### Exercise details:
Although the records contain pictures, only their text should be set down, exactly as written.
.....
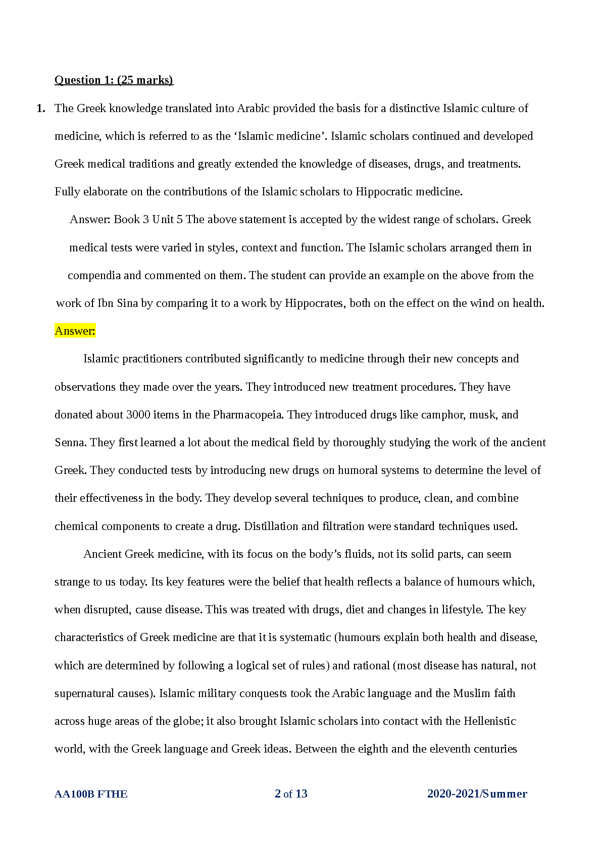 AA100B: The Humanities Past and Present II - 2020-2021 Summer Exam - Arab Open University
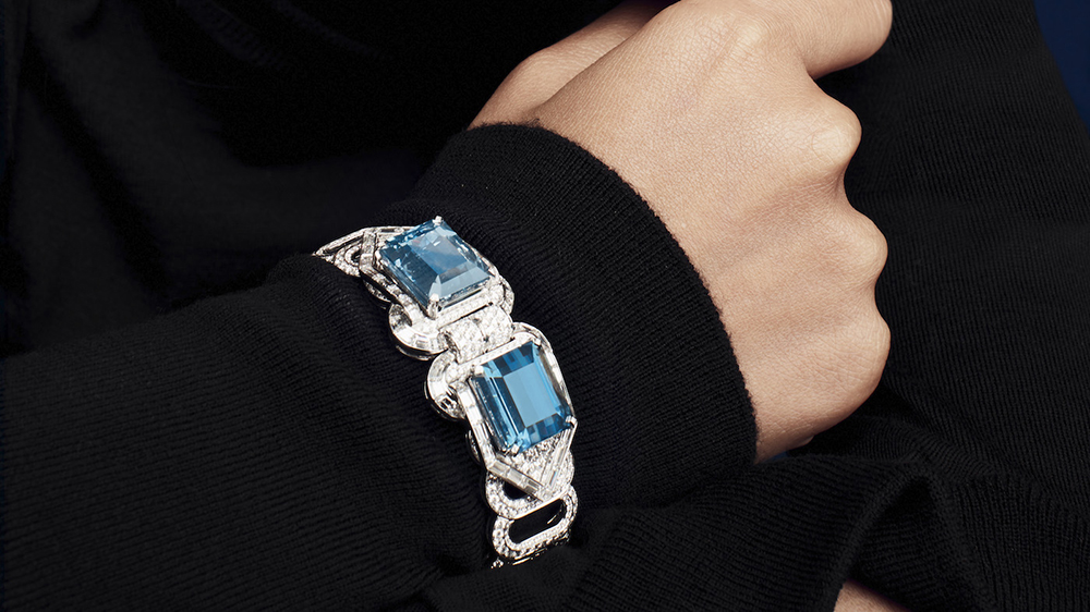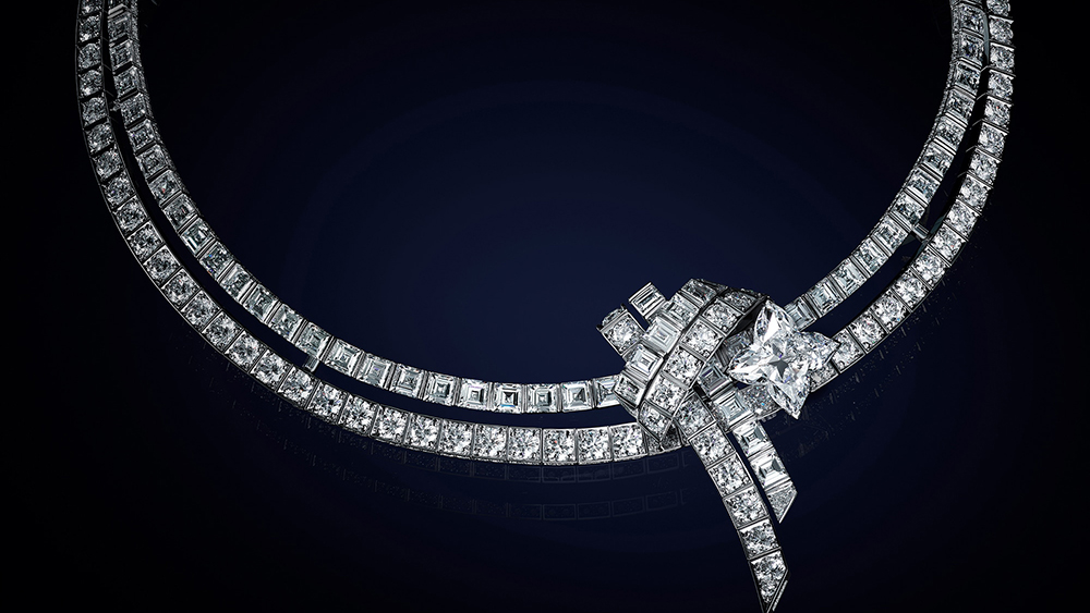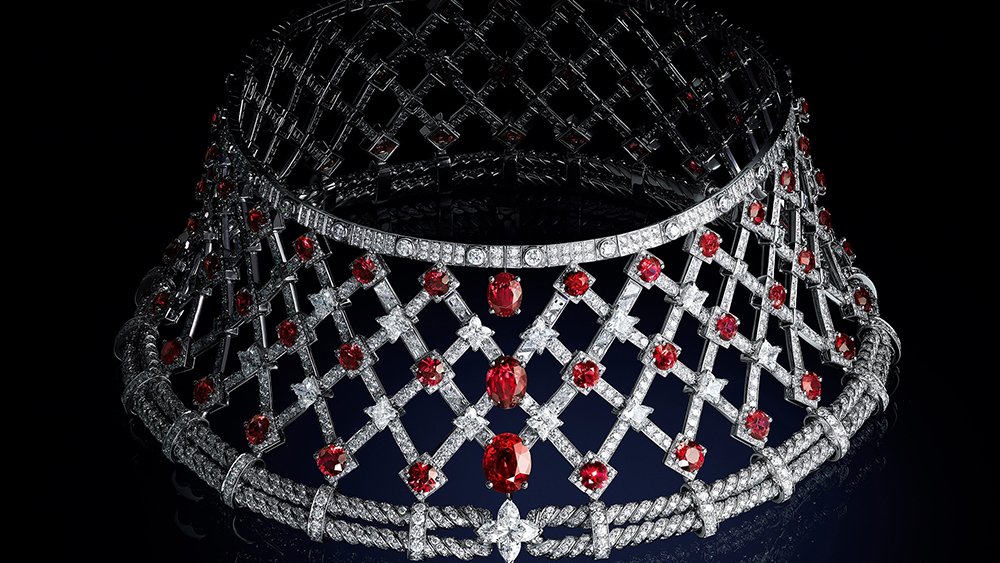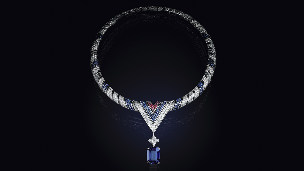 Piesa de rezistență este totuși colierul Le Mythe pe trei rânduri care combină mai multe semnături Louis Vuitton, inclusiv modelul Damier (șah), știfturi și motive inspirate de încuietori. Incrustat cu safire, smaralde și diamante, acesta îl reprezintă pe Louis Vuitton punând bazele casei sale, care este acum un imperiu de 15 miliarde de dolari.
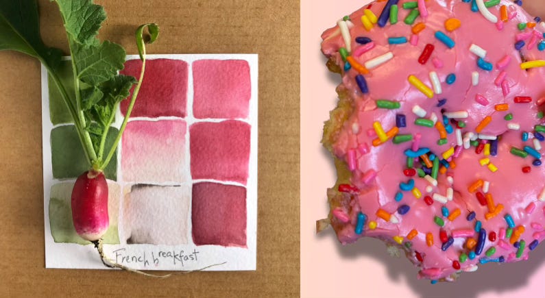 Forget, even if just for a moment, what you think you see. A red rose, a green leaf, even a humble radish — or a pink doughnut with sprinkles — contains myriad subtleties. There’s a delightful feedback loop to recording color, the more we look the more we see.
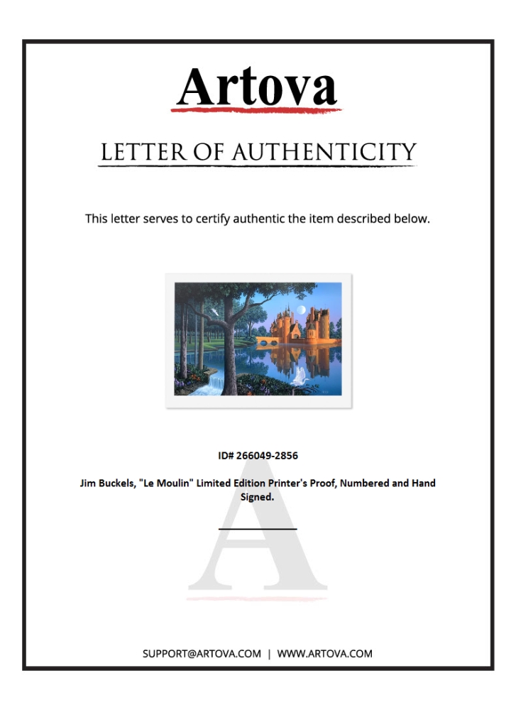 "Le Moulin" is a limited edition printer's proof serigraph on paper by Jim Buckels, numbered and hand signed by the artist. Includes Letter of Authenticity. Measures approx. 27.5" x 38" (border), 23" x 34" (image).
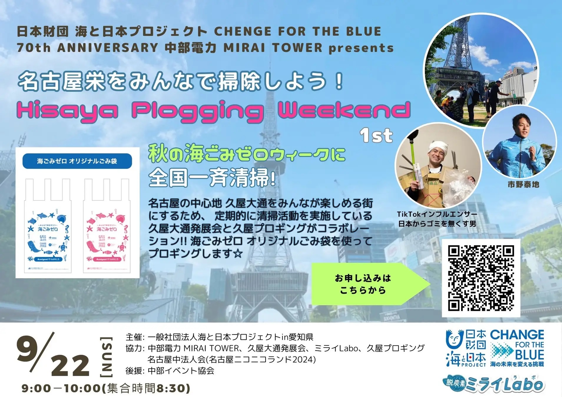 一般社団法人海と日本プロジェクトin愛知県は、9月22日(日)に『Hisaya Plogging Weekend 1st』のイベントを開催し...
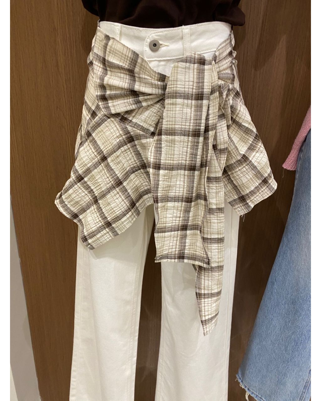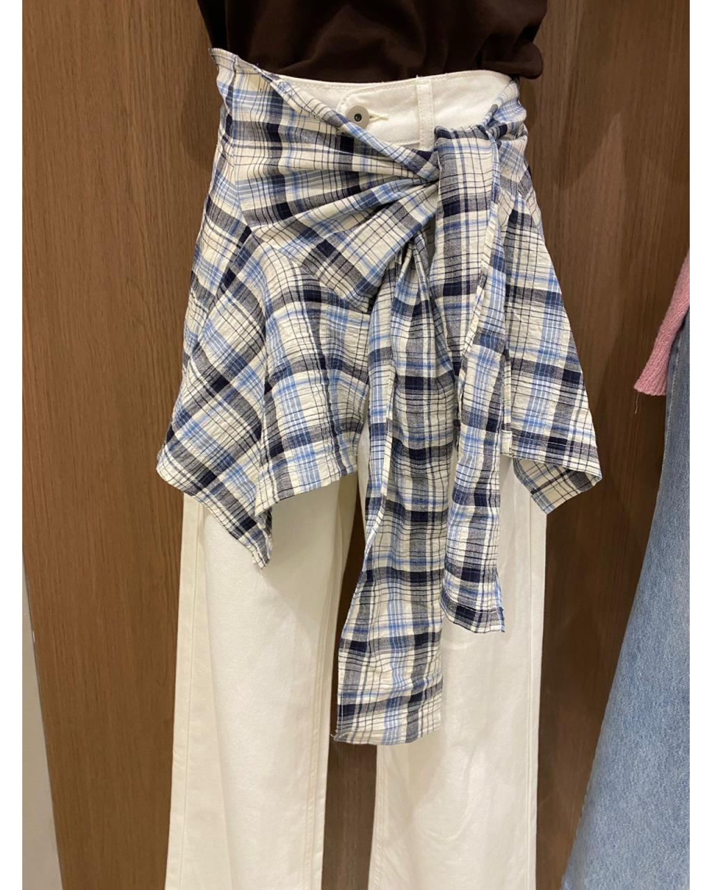 薄身棉質格仔布做成綁腰設計,好似將恤衫綁喺腰間咁但唔會加厚度,藍格同米格配牛仔褲或白色長褲都好有層次感,春夏用嚟加啲造型感好方便。
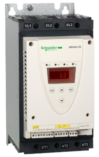 пристрій плавного пуску Altistart 22 може живити 3-фазні асинхронні двигуни при підключенні у місці розриву мережевих лінійних провідників або підключенні до схеми "трикутника" двигуна. Номінальний струм 88 А та 230–440 В, потужність до 45 кВт
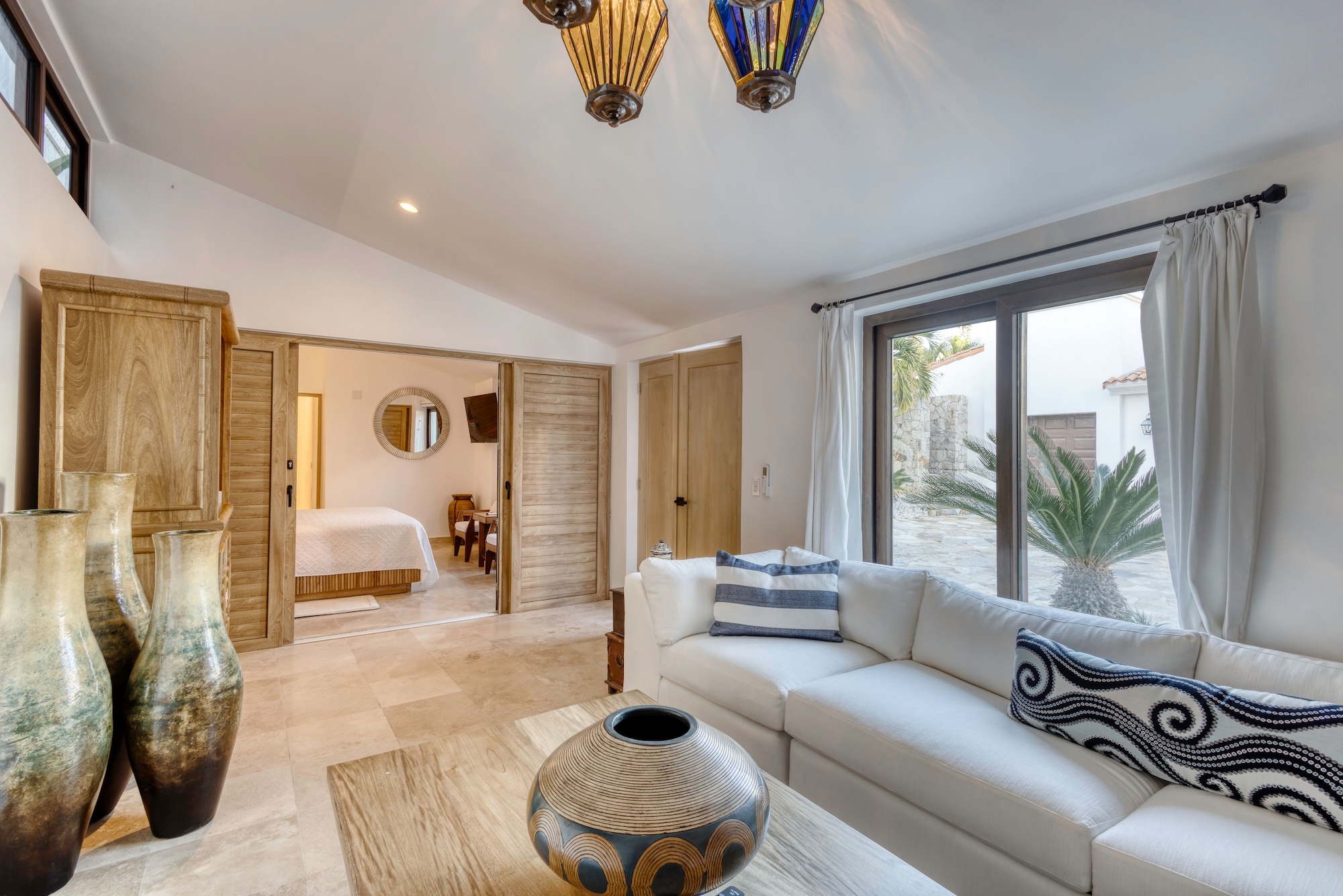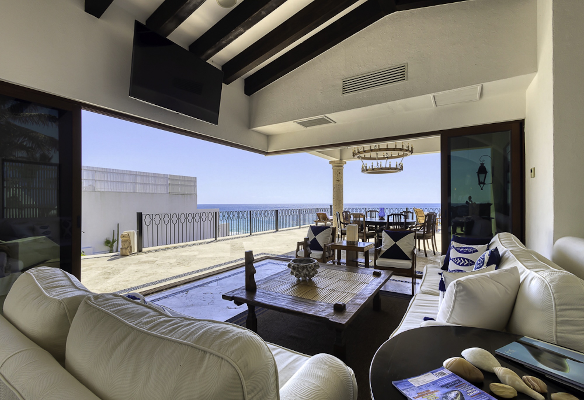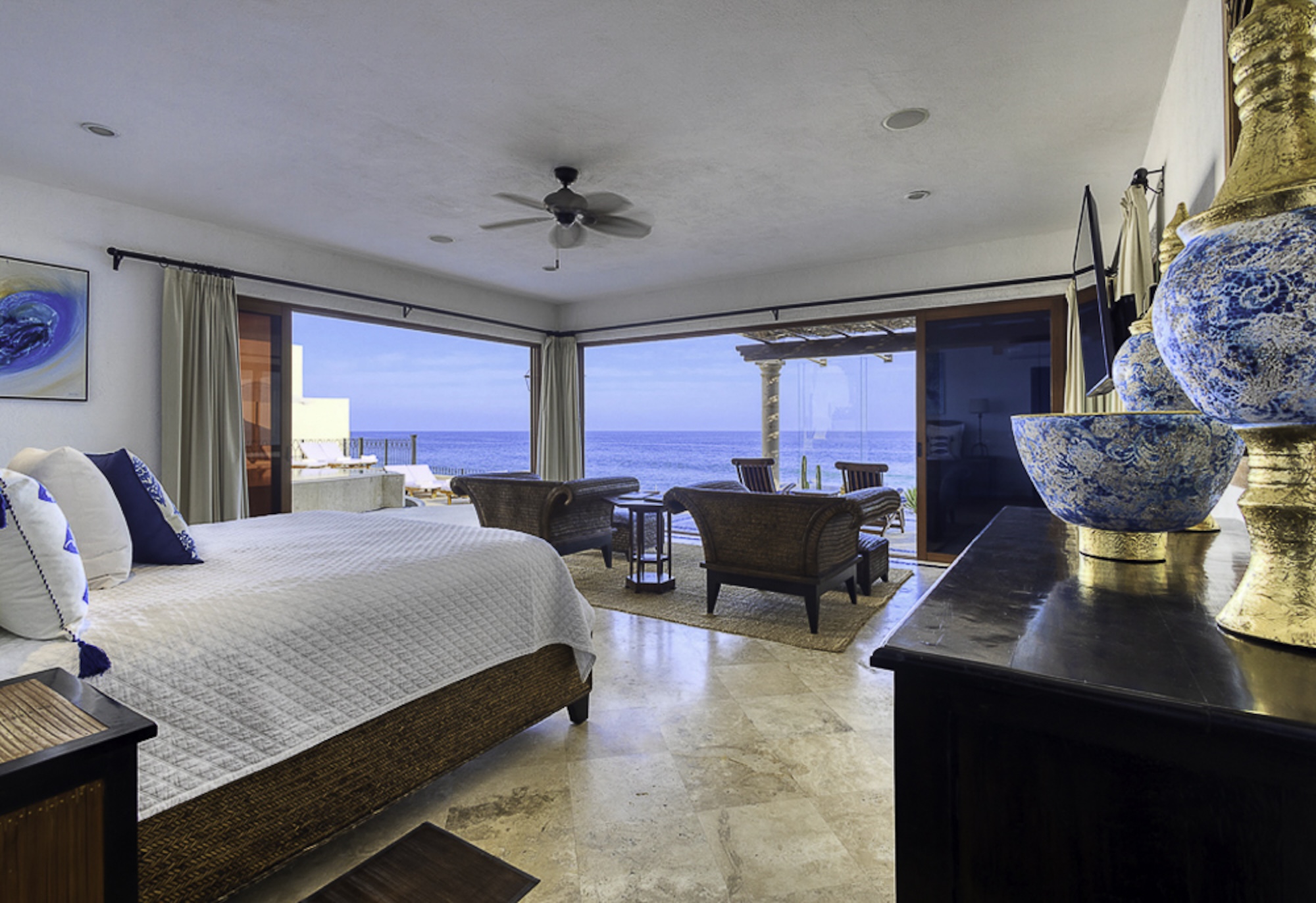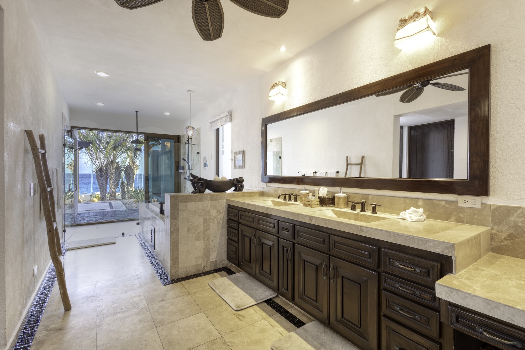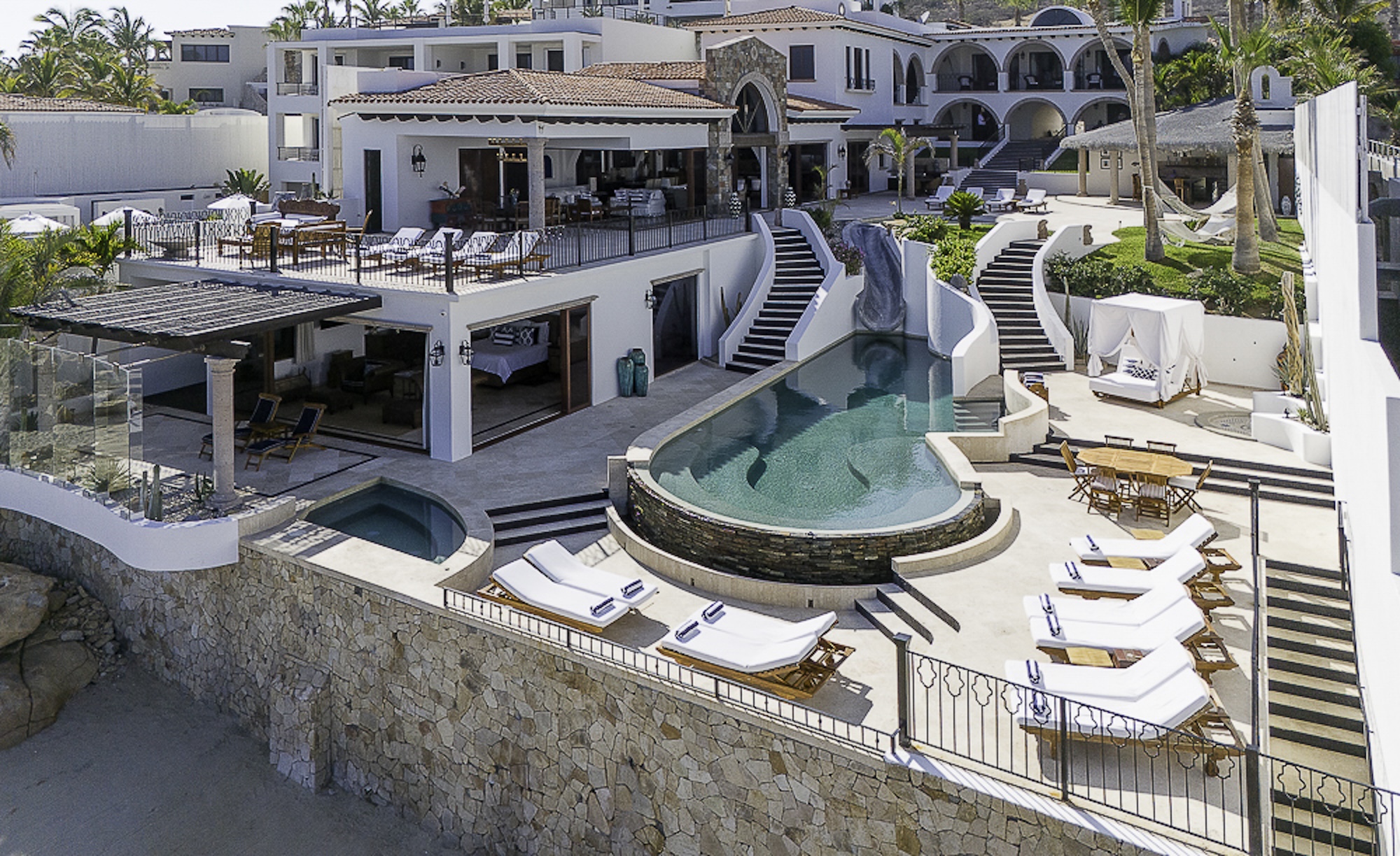 We’re one of the largest and most luxurious beachfront villas available in Los Cabos. This 7 bedroom villa accommodates 15-18 guests and offers over 11,000 sq. ft. of living covered living space, 9,000 sq. ft. of which is air conditioned. CLL also offers over 16,000 sq. ft. of terrace and outdoor living space. The sparkling two level pool offers an upper wading pool, a 15 foot slide, and a lower infinity pool large enough for lapping. The huge beachfront Jacuzzi sits directly above beach with space for 12-15 guests. Bali meets Mexican Hacienda in this four level Private Resort, all with unobstructed views of the beach, tide pools, and the Sea of Cortez; spectacular! We have 7 Sea of Cortez view suites, and 9 bathrooms.
.....
### Output:
 AA100B: The Humanities Past and Present II - 2020-2021 Summer Exam - Arab Open University
 Piesa de rezistență este totuși colierul Le Mythe pe trei rânduri care combină mai multe semnături Louis Vuitton, inclusiv modelul Damier (șah), știfturi și motive inspirate de încuietori. Incrustat cu safire, smaralde și diamante, acesta îl reprezintă pe Louis Vuitton punând bazele casei sale, care este acum un imperiu de 15 miliarde de dolari.
 Forget, even if just for a moment, what you think you see. A red rose, a green leaf, even a humble radish — or a pink doughnut with sprinkles — contains myriad subtleties. There’s a delightful feedback loop to recording color, the more we look the more we see.
 "Le Moulin" is a limited edition printer's proof serigraph on paper by Jim Buckels, numbered and hand signed by the artist. Includes Letter of Authenticity. Measures approx. 27.5" x 38" (border), 23" x 34" (image).
 一般社団法人海と日本プロジェクトin愛知県は、9月22日(日)に『Hisaya Plogging Weekend 1st』のイベントを開催し...
 薄身棉質格仔布做成綁腰設計,好似將恤衫綁喺腰間咁但唔會加厚度,藍格同米格配牛仔褲或白色長褲都好有層次感,春夏用嚟加啲造型感好方便。
 пристрій плавного пуску Altistart 22 може живити 3-фазні асинхронні двигуни при підключенні у місці розриву мережевих лінійних провідників або підключенні до схеми "трикутника" двигуна. Номінальний струм 88 А та 230–440 В, потужність до 45 кВт
 We’re one of the largest and most luxurious beachfront villas available in Los Cabos. This 7 bedroom villa accommodates 15-18 guests and offers over 11,000 sq. ft. of living covered living space, 9,000 sq. ft. of which is air conditioned. CLL also offers over 16,000 sq. ft. of terrace and outdoor living space. The sparkling two level pool offers an upper wading pool, a 15 foot slide, and a lower infinity pool large enough for lapping. The huge beachfront Jacuzzi sits directly above beach with space for 12-15 guests. Bali meets Mexican Hacienda in this four level Private Resort, all with unobstructed views of the beach, tide pools, and the Sea of Cortez; spectacular! We have 7 Sea of Cortez view suites, and 9 bathrooms.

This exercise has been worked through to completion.